If the focal position variation is too large to correct the focal position appropriately, the dross will be generated excessively, or laser processing such as cutting will be impossible due to insufficient output. . Even in such a case, the processing quality can be processed within a practically sufficient range by changing the laser output or changing the relative movement speed between the workpiece (W) and the laser processing head (4). .

Any combination of at least two configurations disclosed in the claims and / or the specification and / or drawings is included in the present invention. In particular, any combination of two or more of each claim in the claims is included in the present invention.

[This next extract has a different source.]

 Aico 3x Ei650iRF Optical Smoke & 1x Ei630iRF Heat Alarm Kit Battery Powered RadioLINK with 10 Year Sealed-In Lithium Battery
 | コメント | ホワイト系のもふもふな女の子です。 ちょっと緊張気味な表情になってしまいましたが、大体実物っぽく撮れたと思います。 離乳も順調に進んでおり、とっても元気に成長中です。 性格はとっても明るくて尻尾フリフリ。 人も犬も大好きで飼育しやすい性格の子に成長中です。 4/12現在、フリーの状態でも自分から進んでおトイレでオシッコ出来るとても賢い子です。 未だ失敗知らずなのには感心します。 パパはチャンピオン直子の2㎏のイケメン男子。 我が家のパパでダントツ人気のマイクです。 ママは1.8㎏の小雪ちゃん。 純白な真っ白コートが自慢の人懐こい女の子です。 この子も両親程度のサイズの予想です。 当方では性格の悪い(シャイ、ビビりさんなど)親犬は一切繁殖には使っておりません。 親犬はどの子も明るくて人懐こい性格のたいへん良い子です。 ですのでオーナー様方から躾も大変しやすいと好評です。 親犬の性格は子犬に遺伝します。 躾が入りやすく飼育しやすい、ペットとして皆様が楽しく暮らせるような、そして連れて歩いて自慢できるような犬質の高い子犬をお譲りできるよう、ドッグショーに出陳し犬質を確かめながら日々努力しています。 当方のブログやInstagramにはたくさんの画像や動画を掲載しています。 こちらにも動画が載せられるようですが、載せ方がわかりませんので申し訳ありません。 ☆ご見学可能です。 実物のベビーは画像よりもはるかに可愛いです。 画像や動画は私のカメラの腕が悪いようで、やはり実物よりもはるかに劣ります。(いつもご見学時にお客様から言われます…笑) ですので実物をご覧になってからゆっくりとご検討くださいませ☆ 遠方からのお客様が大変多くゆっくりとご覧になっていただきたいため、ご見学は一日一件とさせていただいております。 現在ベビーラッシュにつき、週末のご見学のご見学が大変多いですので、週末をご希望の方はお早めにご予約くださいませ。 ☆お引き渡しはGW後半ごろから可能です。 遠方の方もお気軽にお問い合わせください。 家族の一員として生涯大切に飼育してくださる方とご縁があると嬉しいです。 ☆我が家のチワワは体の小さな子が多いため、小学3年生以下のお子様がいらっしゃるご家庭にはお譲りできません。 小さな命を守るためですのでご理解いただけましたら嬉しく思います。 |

The present invention will be understood more clearly from the following description of preferred embodiments with reference to the accompanying drawings. However, the embodiments and drawings are for illustration and description only and should not be used to define the scope of the present invention. The scope of the invention is defined by the appended claims. In the accompanying drawings, the same reference numerals in a plurality of drawings indicate the same or corresponding parts.

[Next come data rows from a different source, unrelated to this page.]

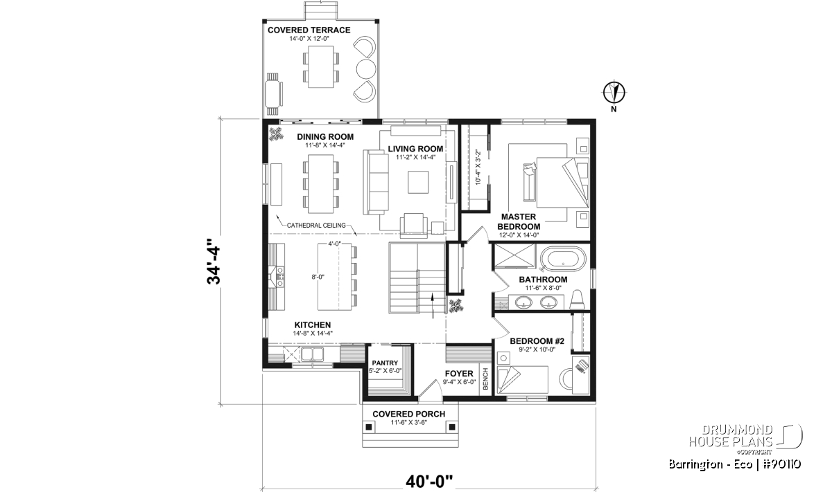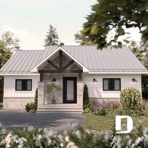Particularly designed for a south backyard orientation, this tiny home has the striking features of the original plan all the while offering new, more optimal and eco-friendly ideas. First of all, on the right side of the house, to the west, we find the more private rooms such as the master bedroom, the full bathroom and 2nd bedroom. To the east of the house, on the other side of the central staircase, you find the kitchen with its walk-in pantry and its large island, the dining room and the living room. The kitchen, the dining room and living room have a cathedral ceiling.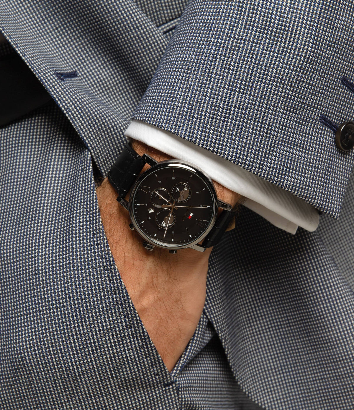 Tommy Hilfiger Evan Black Dial Black Leather Strap Watch for Men - 1710395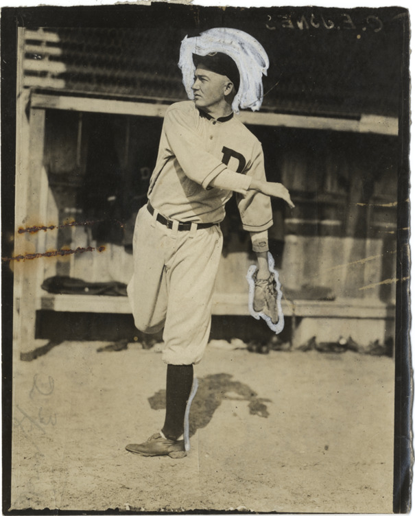 Portrait of Deacon Jones, pitcher for the Detroit Tigers. Handwritten on front in reverse: "C.E. Jones." Handwritten on back: "C.E. Jones."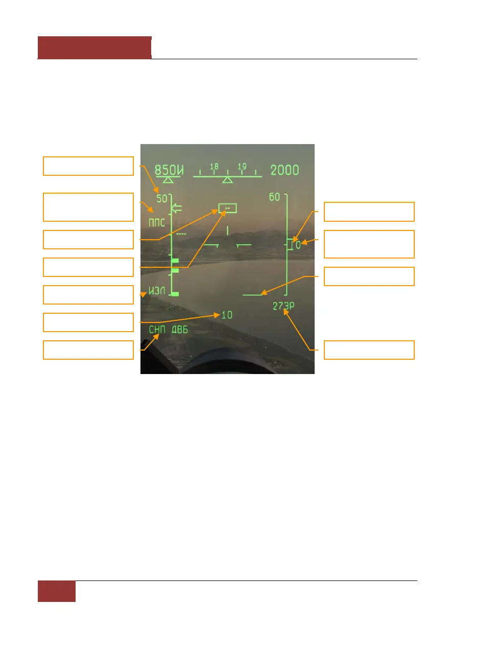 The HUD symbology in "СНП" (TWS) mode is similar to that of "ОБЗ" (SCAN) mode.

It is explanatory drawing which combined the perspective view and block diagram which show the outline | summary of the laser processing apparatus which concerns on one Embodiment of this invention. It is a fracture side view showing the normal state of the laser processing head of the laser processing apparatus. It is a fracture | rupture side view which shows the dirt state of the laser processing head of the laser processing apparatus. It is a block diagram of a conceptual composition of the laser processing device. It is a block diagram which shows the conceptual structure of the laser processing apparatus as reference separately from FIG. It is a flowchart which shows the content of the process of the correction | amendment means corresponding to the whole optical system of the laser processing apparatus. It is a flowchart which shows the content of the process of the correction | amendment means corresponding to protective glass of the laser processing apparatus. It is a flowchart which shows the content of the process of the process preparation means of the laser processing apparatus. It is a graph which shows the example of a relationship between the irradiation time of a laser processing apparatus, and a focus fluctuation | variation. It is a graph which shows the relationship of the coefficient with respect to time. It is explanatory drawing which shows the relationship between a focus fluctuation amount and a focus correction amount.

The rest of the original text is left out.